Каждую пятницу в мастерских на rue de la Grande Chaumiere Бурдель, знаменитейший после Родена французский скульптор, критикует произведения своих учеников и, опираясь на их работы, читает целую лекцию об искусстве, которая заканчивается иногда чтением отрывков из приготавливаемых им работ по теории эстетики.
У Бурделя масса учеников. Из них 30 процентов русских, вообще же иностранцы численно подавляют французов. Обаяние французского мастера так велико, что попасть к нему считали бы за счастье сотни молодых художников.
По правде сказать, этот поток молодых существ к загадочному, в некоторых отношениях почти сатаническому артисту казался мне всегда одновременно и естественным — Бурдель как нельзя более отвечает потребностям нашего времени — и опасным, прискорбным.
В самом деле, произведения Бурделя причудливо странны. Свои образцы он нашел более всего в архаической эллинской скульптуре, но в нем нет и тени наивности этих мастеров.
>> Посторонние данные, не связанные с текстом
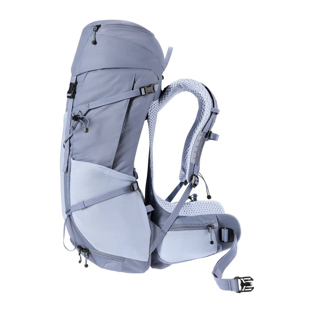 Der DEUTER Futura Pro 34 SL ist der ultimative Hochleistungs-Wanderrucksack für Damen, die auf längeren Touren keine Kompromisse bei Komfort und Lastenverteilung eingehen wollen. Speziell auf die weibliche Anatomie abgestimmt, bietet dieser Rucksack von DEUTER einen hervorragenden frauenspezifischen Fit. Das innovative Aircomfort-Rückensystem sorgt durch sein weiches Netzmaterial für maximale Belüftung, während die VariClick-Technologie eine präzise Anpassung der Rückenlänge ermöglicht. Die direkt am dauerhaft elastischen Federstahlrahmen befestigten ActiveFit-Schulterträger optimieren die Lastübertragung spürbar. Für eine erstklassige Organisation deiner Ausrüstung verfügt der Rucksack über ein separates Bodenfach mit aufklappbarem Zwischenboden sowie geräumige gepolsterte Hüftflossen, die das Gewicht gleichmäßig verteilen. Ein besonderes Highlight für Technik-Fans ist die Schnellbefestigung für Stöcke direkt am Schulterträger. Im Sinne der Ökodesign-Verordnung (ESPR) glänzt das Modell durch Nachhaltigkeit: Er ist ein bluesign® Produkt, ClimatePartner zertifiziert und wird aus recyceltem Hauptmaterial (210D REC PA X-GRID) sowie vollständig ohne PFAS gefertigt. Die integrierte Regenhülle und die Trinksystem-Kompatibilität machen dich bereit für jedes Wetter und jedes Gelände.

Он сознательно вкладывает в свои полные изломанных линий барельефы, в свои тяжкие стилизованные фигуры большое музыкально–поэтическое и вполне «moderne» содержание. В угоду ему, в угоду трагизму замысла, настроению, форма искажается. Мастер не только планирует очень высоко над натурализмом, не только — так можно подумать — сознательно не желает до него опуститься, но как будто не хочет и подняться до него с низин некоторой примитивной неуклюжести. Но не только примитивная форма замучена у Бурделя психологическим захватом произведения, а еще и этот захват в свою очередь приносится в жертву замысловатой линейной красоте. Как видите, это какой–то странный клубок: нарочитая наивность на каждом шагу опровергает самое себя, поэтическая душа произведения то комкает по–своему его тело, то вдруг испуганно прячется под напором чисто внешних курьезных эффектов и находок.
Искусство в высшей степени модернистское, сильно отдающее гиперкультурностью, запахом тления эпох художественного заката.
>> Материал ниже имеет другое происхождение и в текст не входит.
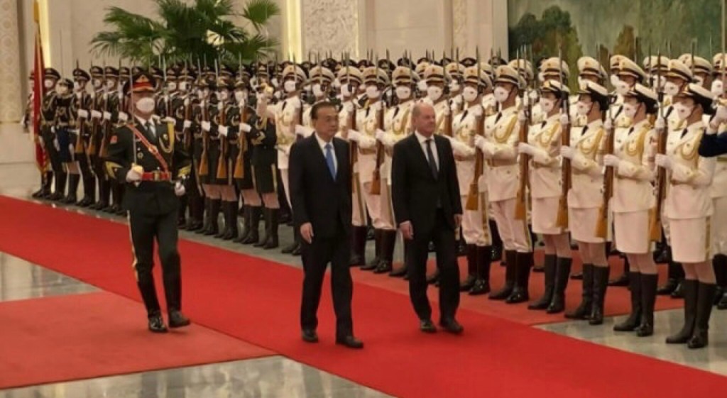 Chinese Premier Li Keqiang receives German Chancellor Olaf Scholz at the Great Hall of the People in Beijing. Scholz is the first G7 leader to visit China since the start of the coronavirus pandemic, which has seen the world’s number two economy largely close its borders. 中國國務院總理李克強在北京人民大會堂會見德國總理奧拉夫·舒爾茨。舒爾茨是自冠狀病毒大流行開始以來第一位訪問中國的七國集團領導人,全球第二大經濟體在很大程度上關閉了邊界.

Это не значит, чтобы Бурдель не был очень большим, может быть, даже великим мастером. Когда видишь ту страшную человеческую пружину, которую он создал в своем «Геракле, стреляющем из лука», ни на минуту не станешь отрицать его мощного динамизма. Постоянно в причудливом, слишком сложном водовороте линий и плоскостей его барельефов вы встречаете чудные частности, как в симфонии (или просто в полифонии?) музыкантов сегодняшнего дня порою вас поражает ненадолго всплывающая красавица–мелодия, или гармония, уносящая вас в недосягаемые выси.
Бурдель одарен не только пластически, но и поэтически и философски. Иные его произведения значительны в своем роде не менее лучших вещей его учителя Родена.
Какой дьявольской улыбкой одаряет он своих женщин!
Волынский 1 видит нечто дьявольское в улыбке Джоконды. Надо быть христианином для того, чтобы так оценить эту пантеистическую улыбку. Волынский оказывается тут в положении сельских властей перед Паном в известной комедии Ван Лерберга.2 Но вот улыбка бурделевских женщин — это нечто томно–садическое, нечто влекуще–хитрое; за их смеющимися устами таится жало, их взгляды «слаще яда», и как они прекрасны в то же время! Осенние розы, таящие в своем сердце злую осу.
Как бы ни относиться к этому мастеру, во всяком случае громадно одаренному, мне казалось ясным, что хорошим учителем он не может быть. Если его могучие плечи, если его поэтическое дарование под всем чрезмерно изощренным декадансом не гнутся — то бремя это должно раздавить и развратить всякую молодую душу.
И вот я был на уроке Бурделя.
Когда после этого урока я назвал его «maitre» — я употреблял уже это слово не только как признание его артистического мастерства, но и в смысле, какое влагалось в слово «равви» — учителю благий.
Ничего не может быть здоровее, острее, целебнее тех истин, которые преподает своим учением этот диковинный человек.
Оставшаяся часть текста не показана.